American Pickers (or also known as The Pickers for international) is an American reality television series that premiered on January 18, 2010 on History, produced by A&E Television Networks in collaboration with Cineflix Media. In the series, the hosts travel across America in search of rare Americana artifacts and national treasures that they can buy from the collectors to add to their personal collections or sell in their antique shops.

Overview 

The show follows antique and collectible pickers Mike Wolfe and Frank Fritz, who travel around the United States to buy (or "pick") various items for resale, for clients, or for their personal collections.  Danielle Colby runs the office of Wolfe's business, Antique Archaeology, from their home base in LeClaire, Iowa, and more recently at a second location in Nashville, Tennessee. They originally traveled in a Mercedes-Benz Sprinter van and now in a Ford Transit.  Fritz sells his acquisitions at his own shop, and on his website, Frank Fritz Finds, upriver in Savanna, Illinois. The men go on the road, not only following up leads that Colby has generated but also "freestyling" – stopping at places that look like they might hold items worth buying. They also pick some places more than once.

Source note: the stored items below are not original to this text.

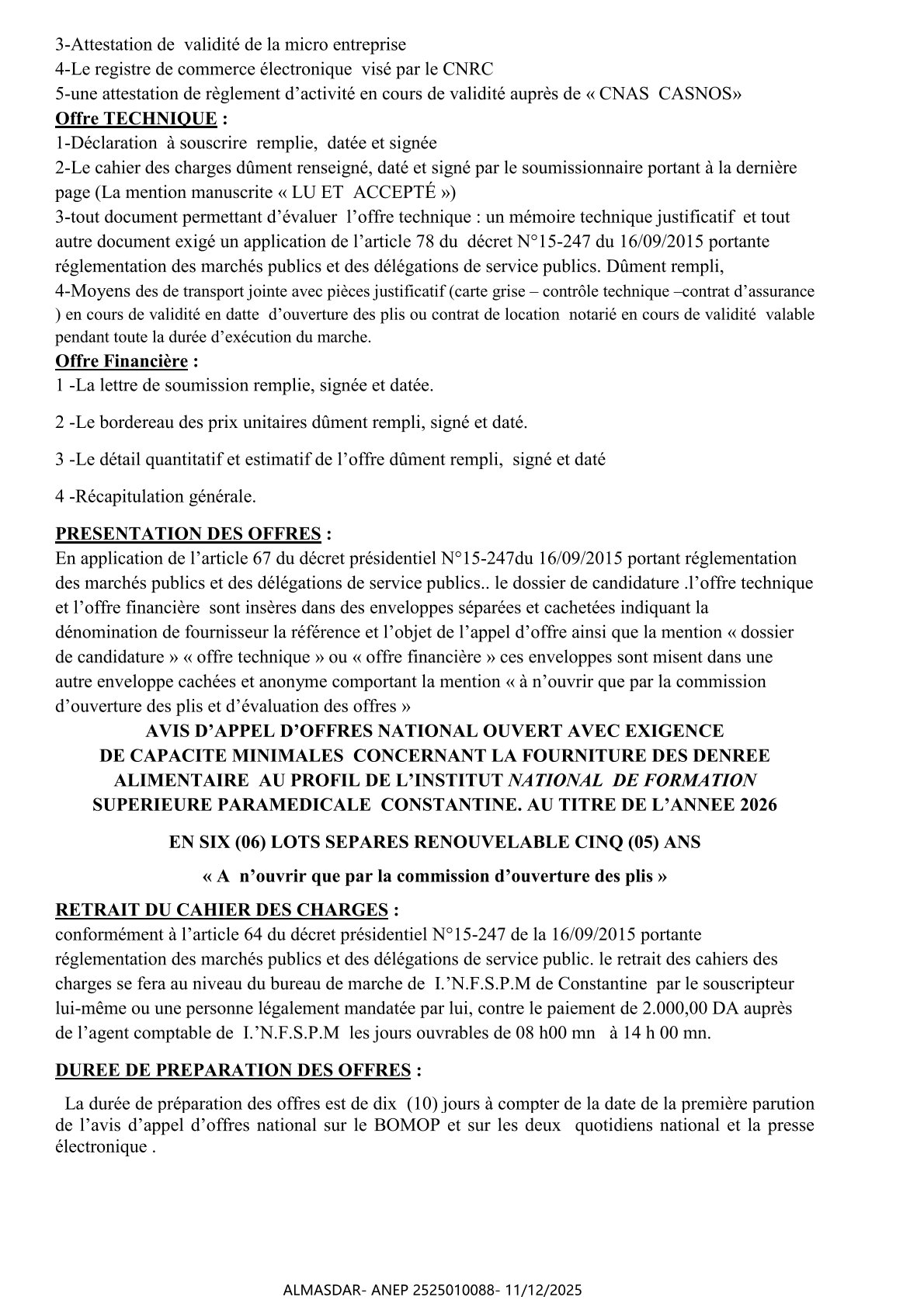 الزبون: INSTITUT NATIONAL DE FORMATION SUPERIEURE PARAMEDICALE LAHMAR ABDELKADER- CONSTANTINE. رقم ANEP 2525010088 تاريخ النشر: 2025-12-11 عدد الصفحات: 1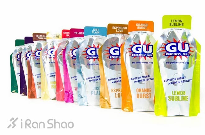 GU的能量胶的有多种口味,从原味到草莓、柠檬、巧克力等味道可供大家选择。不过对能量胶的口味请不要抱太大的期望,它不可能做到像蛋糕一样美味,更多的恐怕是在比赛中饥劳交迫时心理上的满足。常见的GU能量胶一小袋有32g,提供25g碳水化合物,100卡热量,还有适量的钠、钾等电解质。另外,它还有无咖啡因、单倍咖啡因(20mg)和双倍咖啡因(40mg)之选,在供能之外还能提供“打鸡血”的效果,请在训练中尝试后再用到比赛中。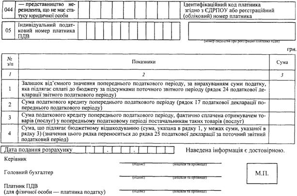 | Залишок від'ємного значення, який після бюджетного відшкодування включається до складу податкового кредиту наступного податкового періоду (рядок 24 — рядок 25)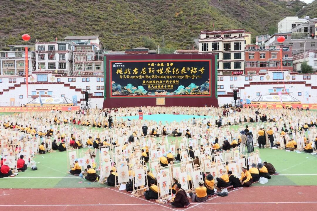 9月28日,由市委、市政府主办,卡若区委、区政府承办的“最大规模的唐卡同步绘制”“最大规模唐卡课程”吉尼斯世界纪录挑战活动在津昌体育文化中心成功举办!来自全市各地的上千名唐卡画师汇聚一堂,聆听大师点拨、绘制唐卡作品,成功挑战“最大规模的唐卡同步绘制”“最大规模唐卡课程”两项吉尼斯世界纪录!

The series introduction is narrated by Wolfe and Fritz. The first three seasons used a lengthy introduction, but beginning with Season 4, a shortened version began to be used:

Mike and Frank explore people's homes, barns, sheds, outbuildings, and other places where they have stored antiques and collectibles. They call upon amateur and serious collectors, hoarders, and also people who have inherited overwhelming collections of items that they don't know what to do with. Wolfe, who has been picking since age four, has a particular interest in antique motorcycles, air-cooled Volkswagens, old bicycles and penny-farthings, while Fritz has a fondness for antique toys, oil cans, and old Hondas, with a special love for peanut-related items. They have purchased old advertisements and commercial signage, film posters, a rare 15-gallon visible gasoline pump, and a Piaggio Ape (pronounced "ah-pay") that one of their friends told them is probably the only one of its kind in North America.

In December 2011, American Pickers revealed that Antique Archaeology had leased part of a former 1914 car factory in Nashville, Tennessee, which originally made the Marathon automobile, for a second business location to decrease the distance required to haul their finds from the southern states.

On March 13, 2018, Mike Wolfe made a cameo as himself on a season 15 episode of NCIS titled "One Man's Trash".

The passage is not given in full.